Sério agora, precisamos falar sobre antimatéria!


Notícias

Por Paul Sutter

Traduzido e adaptado por Marco Centurion


Em 1971, quando o astronauta David Scott estava na superfície da Lua, segurando um martelo e uma pena, e, na rarefeita atmosfera do satélite natural da Terra, deixou cair os dois ao mesmo tempo. Eles então atingiram o pó cinzento exatamente no mesmo instante. Foi uma referência poética a Galileu, que, séculos antes, havia refutado a noção aristotélica de que objetos pesados “querem” estar no chão mais do que objetos leves.


Uma ilustração da aniquilação de partículas criando antimatéria na forma de anti-hélio. (Créditos da imagem: CERN)
Uma ilustração da aniquilação de partículas criando antimatéria na forma de anti-hélio. (Créditos da imagem: CERN)

Isso não foi apenas um truque para as câmeras, foi uma demonstração do princípio da equivalência fraca, que é a base da relatividade geral. Ela afirma que todos os objetos, independentemente de sua massa ou composição interna, caem exatamente à mesma taxa em um campo gravitacional. Quando Einstein estava construindo sua obra-prima, ele não tentou explicar por que isso acontece. Simplesmente assumiu que se tratava de uma regra fundamental e seguiu em frente.


Mas e se existir uma criatura astrofísica que se recuse a jogar de acordo com as regras? E se deixássemos cair algo tão exótico que nem sequer estava no radar de Einstein? Chegou a hora de falarmos sobre antimatéria!


Para entender o fascínio pela ideia da antimatéria em queda, precisamos olhar para a história de sua descoberta. Na década de 1920, o físico Paul Dirac estava tentando fazer dois mundos muito diferentes, o da mecânica quântica (as regras do muito pequeno) e a relatividade especial (as regras do muito rápido), funcionarem juntos.


Dirac encontrou uma equação que funcionava, mas ela tinha uma peculiaridade. Assim como a raiz quadrada de 4 pode ser tanto 2 quanto -2, sua equação oferecia duas soluções para a energia de uma partícula, que era uma positiva e outra negativa. E isso era um problema. A energia positiva tem um “andar térreo” em zero, mas a energia negativa é um porão de um porão, sem fundo.


A solução de Dirac foi o que ficou conhecido como o “mar de Dirac”. Ele imaginou o espaço não como um vácuo vazio, mas como um “oceano” preenchido por estados de energia negativa. Se você empurrar uma dessas partículas invisíveis para o domínio positivo, deixa para trás um buraco. Esse buraco se comporta como uma partícula normal, mas com carga oposta. Foi a primeira vez que uma partícula foi prevista puramente pela matemática antes de ser observada em um laboratório. E então a chamaram de antimatéria.
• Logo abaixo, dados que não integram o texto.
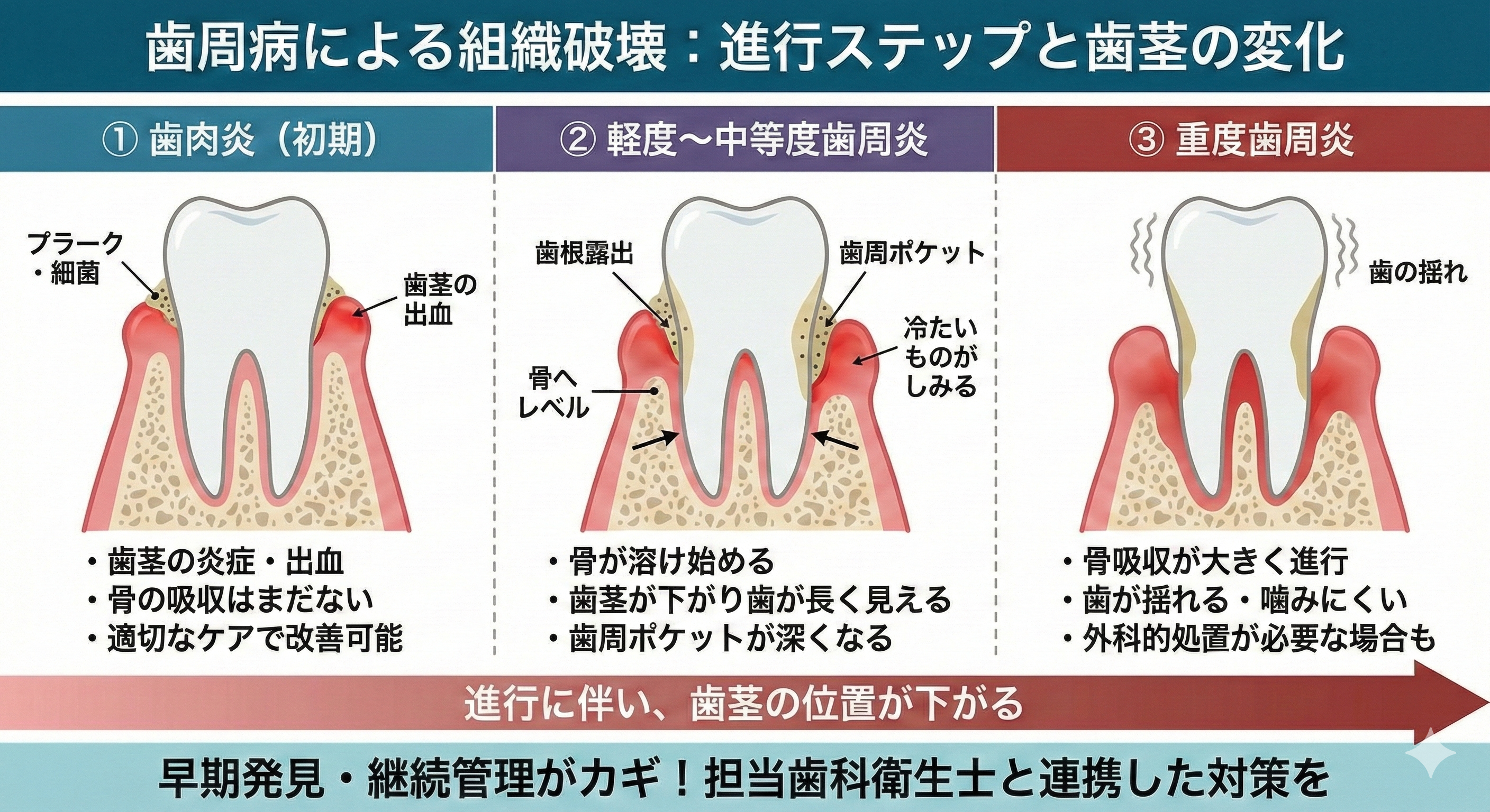 また、歯周ポケットが深くなることで細菌がさらに溜まりやすくなり、炎症と破壊が加速する悪循環に陥ります。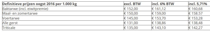 De prijzen zijn inclusief eiwittoeslag voor baktarwe, met een HL-gewicht van minimaal 76 kg/hl en een eiwitpercentage vanaf 12,5%.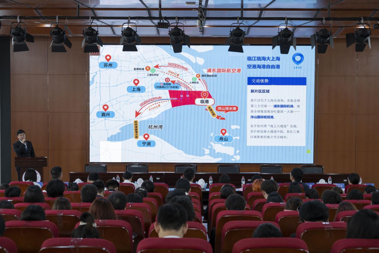 主题分享环节。临港新片区企业服务中心团委书记苏浩天以“年轻的城,年轻人的城”为主题作报告,结合临港新片区蓬勃发展的生动实践,深刻阐释新时代青年工作的创新路径与使命担当。他呼吁广大青年学子积极投身区域建设浪潮,“以青春之我,建设青春之城”,用智慧与汗水为这片热土注入生生不息的青春动能,在产城融合的壮阔征程中书写新时代青年的责任担当。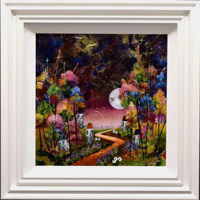 Enchanted Forest by Roz Bell is an original artwork, finished with a resin glaze and presented in the artist frame. The artwork is signed by the artist and comes with biography. The frame on this artwork is the large white frame with an inner white frame.

Por que focar na antimatéria para testar a gravidade? Porque a antimatéria é a ponte para a maior cisão da física. A relatividade geral (gravidade) e a mecânica quântica (todo o resto) notoriamente não se dão bem. É como se elas falassem línguas distintas e vivessem em países diferentes. Como a antimatéria é um produto puro do mundo quântico, ela é a candidata perfeita para testar a teoria da gravidade de Einstein.


No entanto, isso também é um pesadelo, e aqui estão três razões para isso:


  • Quando matéria e antimatéria entram em contato, elas se aniquilam em um lampejo de energia pura;

  • A natureza não nos entrega antimatéria de bandeja, precisamos produzi-la em laboratórios avançados.

  • Em comparação com a força eletromagnética, a gravidade é incrivelmente fraca.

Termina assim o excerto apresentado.